Where It Is Typically Found
Cat's eye common opal comes mainly from Tanzania (notably Tanzanian "moss" and honey opals), Madagascar, Brazil, and the western United States. Honey to greenish chatoyant opal from East Africa is the most frequently encountered in the trade. Because opal is delicate, field specimens are often found as waterworn nodules in volcanic or sedimentary host rock.
Collector and Field Notes
Handle cat's eye opal gently; opal can craze (develop fine internal cracks) if dried too fast or heated, so never use a hot point or thermal test on it. The eye is sharpest when the cabochon is cut with the fibers running straight across the dome, and a well-centered band greatly raises value. East African honey and greenish material is the most common in the trade, while bodies that combine chatoyancy with true play-of-color are genuinely rare and prized. Store it away from direct heat and harsh light, and clean only with a soft, damp cloth rather than ultrasonic or steam cleaners, which can damage porous opal.
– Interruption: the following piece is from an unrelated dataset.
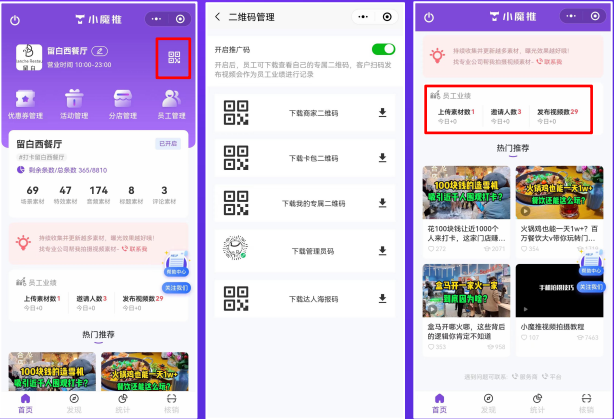 入口清晰明了,在商家端手机后台专设发现栏目,用户在首页就可看到热门推荐视频,点击设发现即可进入子菜单查看栏目的各种有助于小魔推运营的内容干货;形式丰富多样,栏目汇集视频、文章、案例、拍摄教程、热门素材、动效、音频、评论等多种形式的运营技巧和营销玩法且后台会不定时更新,以保证内容及形式的新鲜度和实时性。内容充实实用,栏目里的内容都是由运营团队从众多成功商家里筛选总结而来,是真实落地成功的经验总结而来,内容充实且实用。餐饮大V助力,小魔推特邀的餐饮行业大V的行业分析和解读。打造真正能帮助商家运营的行业干货内容。
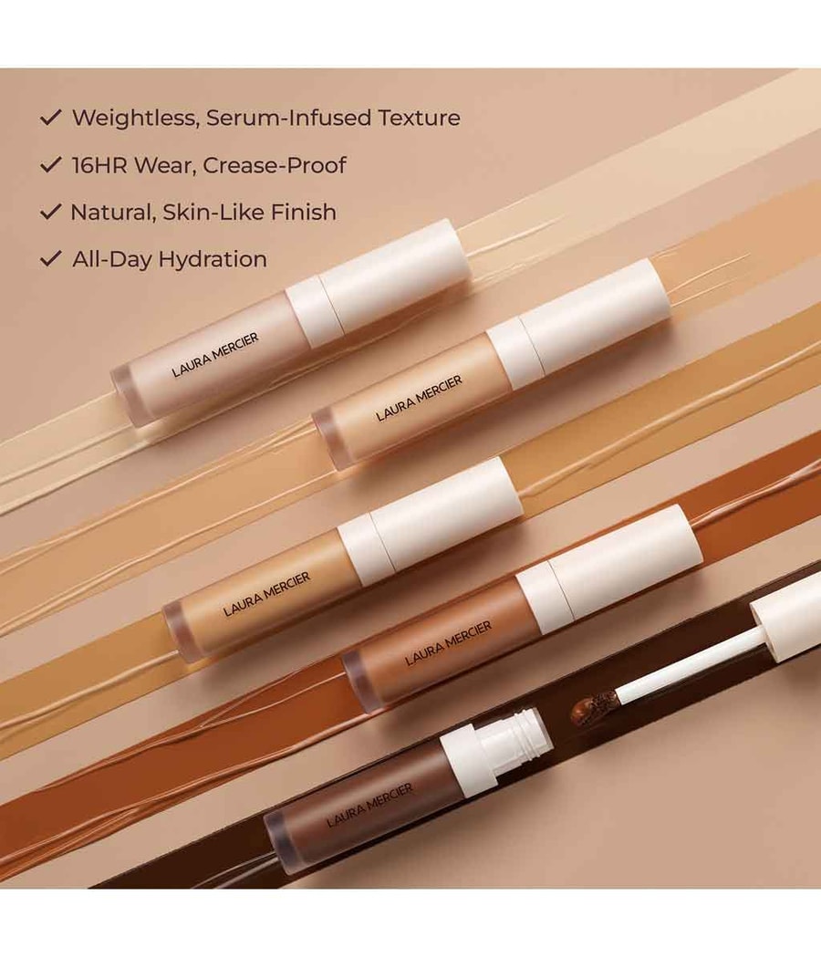 Le Petit Secret. Консилер Laura Mercier с естественным безупречным покрытием и наращиваемым покрытием. Обогащенный питательной сывороткой, он мгновенно осветляет и разглаживает кожу за счет содержащегося в нем экстракта бразильского ореха в течение длительного времени. Исчезнут тонкие линии и морщины. Благодаря инновационному аппликатору консилер Real Flawless Weightless Perfecting Concealer с высокой точностью покрывает неровности и темные участки и безупречно растушевывается на коже. Новый уровень совершенства с 16-часовой остановкой. Как невидимый.

Frequently asked questions
How can you tell if it's real cat's eye opal?
It should be soft (about 5.5 to 6.5, scratched by quartz), very light in the hand, often translucent or glowing when backlit, and show a single mobile light band. A crisp grid pattern under magnification indicates glass; great hardness and weight point to chrysoberyl instead.
What does cat's eye opal look like?
A honey, yellow, green, or white translucent stone cut as a dome, displaying one sharp stripe of light that slides across the surface as you tilt it.
Cat's eye opal vs cat's eye chrysoberyl?
Chrysoberyl is dramatically harder (8.5) and heavier, with an intense, sharp eye and milk-and-honey color split. Opal is soft, lightweight, often translucent, and its eye is softer and broader.
Does cat's eye opal have play-of-color?
Usually no. Most cat's eye opal is common opal showing only the moving light band. Rare stones combine chatoyancy with the rainbow play-of-color of precious opal and command much higher prices.